"Her head is full of the novels she reads!"
"You can't keep me from thinking like a woman. Feeling like one. Is it shameful to want to love? Is it wrong to desire in the man you are to marry that fundamental passion that makes the world go around? I'm not supposed to know any thing about the thing I'm plunging into until after I've plunged! I'm afraid, papa. Save me!"
"Ben, I could swear who is at the bottom of this indecent talk of hers. I found his picture cut out of the school magazine and pasted in her diary. She's a changed child since that Lindsley came to the High School the year before she graduated."

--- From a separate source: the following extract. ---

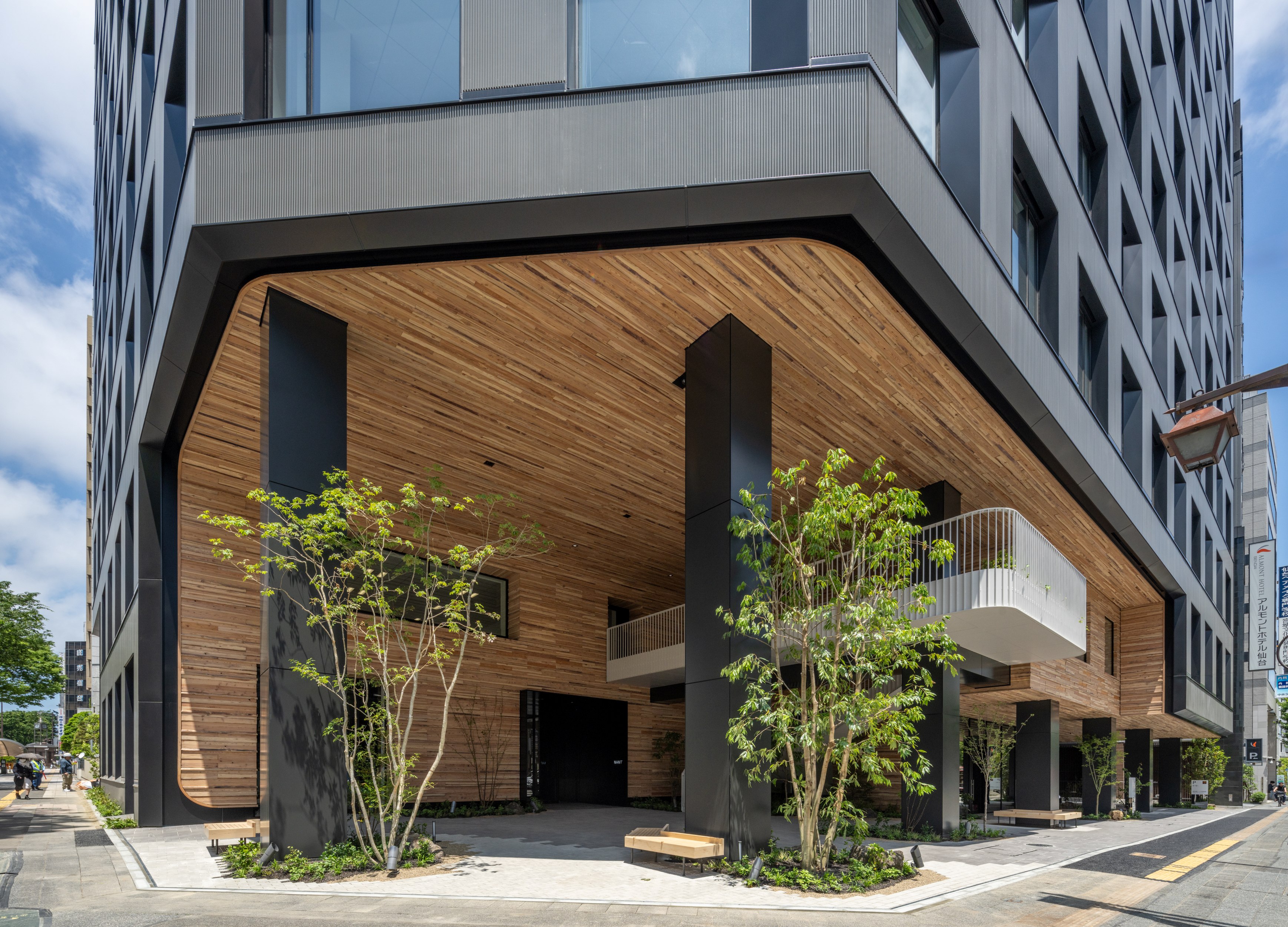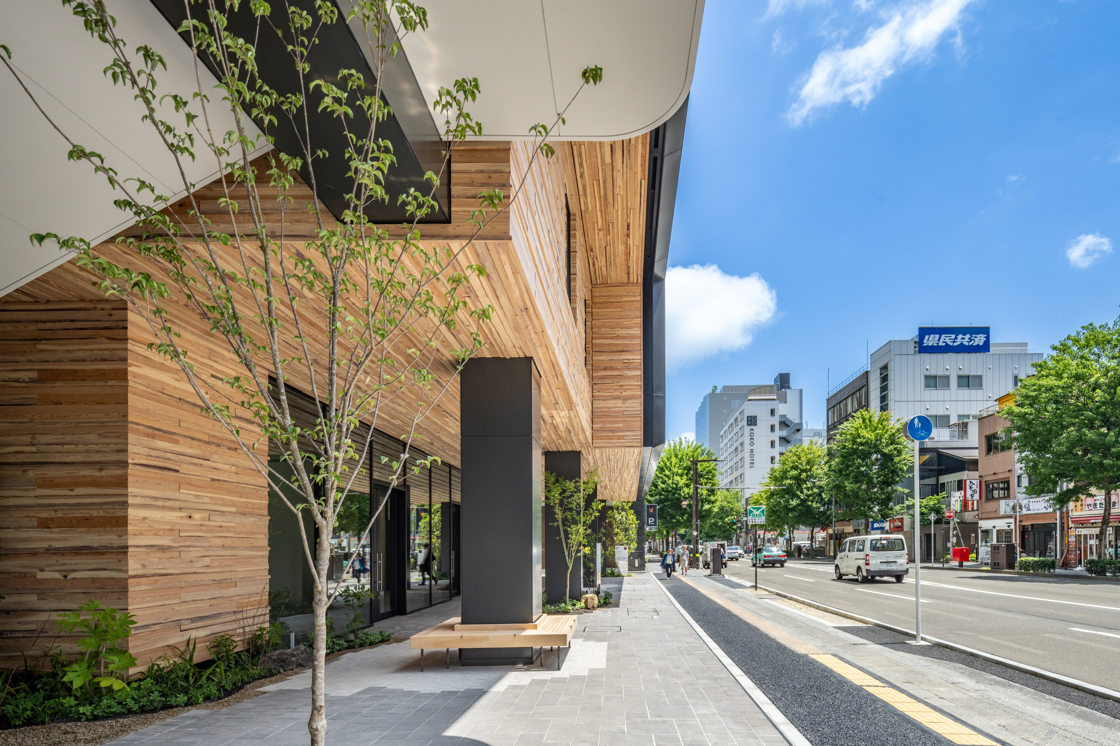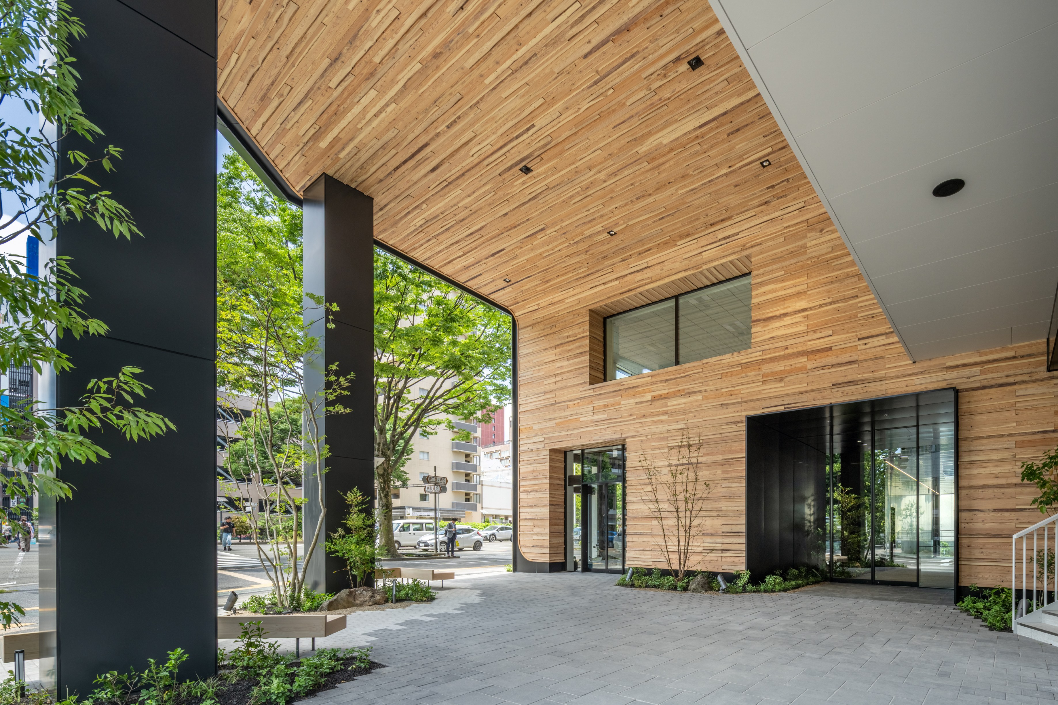 仙台駅至近のテナントオフィスビル。壁・天井を全面天然木で仕上げた洞穴のような公開空地を整備、市街地における新たなパブリックスペースの形を提案している。仕上材にはラミナ製材時に発生する「端材」を全面利用。原木歩留を大幅に向上すると共に、端材ならではの風合いを活かした唯一無二のデザインを実現した。

"Mamma! Mamma!" fairly exploded to her feet by the potency of her sense of outrage. "Oh, you—you—"
"I know I'm right."
"Why, I haven't even seen him since I graduated! I've never talked ten words to the man in my life! Oh—oh—how can you?"

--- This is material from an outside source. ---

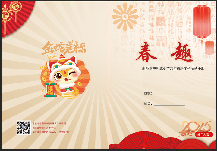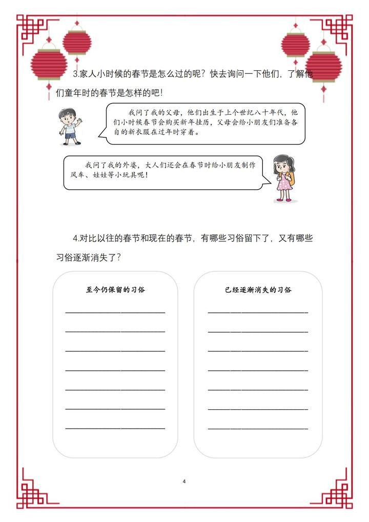 这个寒假,南京师范大学附属中学新城小学设计了“春趣”跨学科系列活动。这一系列活动从观察“春节”文化现象起步,逐步深入到探寻其背后的文化意象,并最终致力于积极传承与发展“春节”文化。《春趣》手册主要负责人江腾飞告诉记者:整个活动流程既保持了内容的内在联系,又呈现出清晰的进阶与发展脉络,充分体现了课程内容的连贯性和层次性。具体而言,活动分为低年级的“迎·春节”、中年级的“探·春节”以及高年级的“珍·春节”三个阶段——一年级是“找找童谣中的年味”;二年级是“置办年货过春节”;三年级是“舌尖上的美味:年夜饭制作体验”;四年级是“喜迎新春,绿意盎然:选择一盆植物迎春节”;五年级是“探寻童年记忆,书写年味增强指南”,六年级是“南京的春节:习俗互融倡议书”。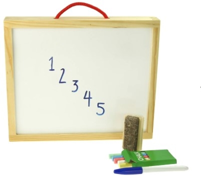 Includes; a box of colored chalk, a dry erase marker, and an eraser

"Just the same, he's been your ruination. Since you got him into your head not one of the boys you met has been good enough. I knew you had him in mind the day you told me you wished Albert was a little more bookish and musical. I know why you wanted him to subscribe to the Symphony. The spats you made him buy. Poor boy! and his ankles aren't cut for them. Love! Your father and I weren't so much in love, let me tell you. Only I knew my parents wanted it and that was enough. I wish to God I'd never lived to see this day—"
"Carrie!"
"I do. Noon of my daughter's wedding day, and she can't make up her mind whether she'll be married or not. O God! it's funny—love, now at the last minute—oh—oh—" A geyser of hysteria shot up, raining down in a glassy kind of laugh. "Oh—oh, it's funny!—love—"
"Carrie, you're hysterical. Here, smell this ammonia."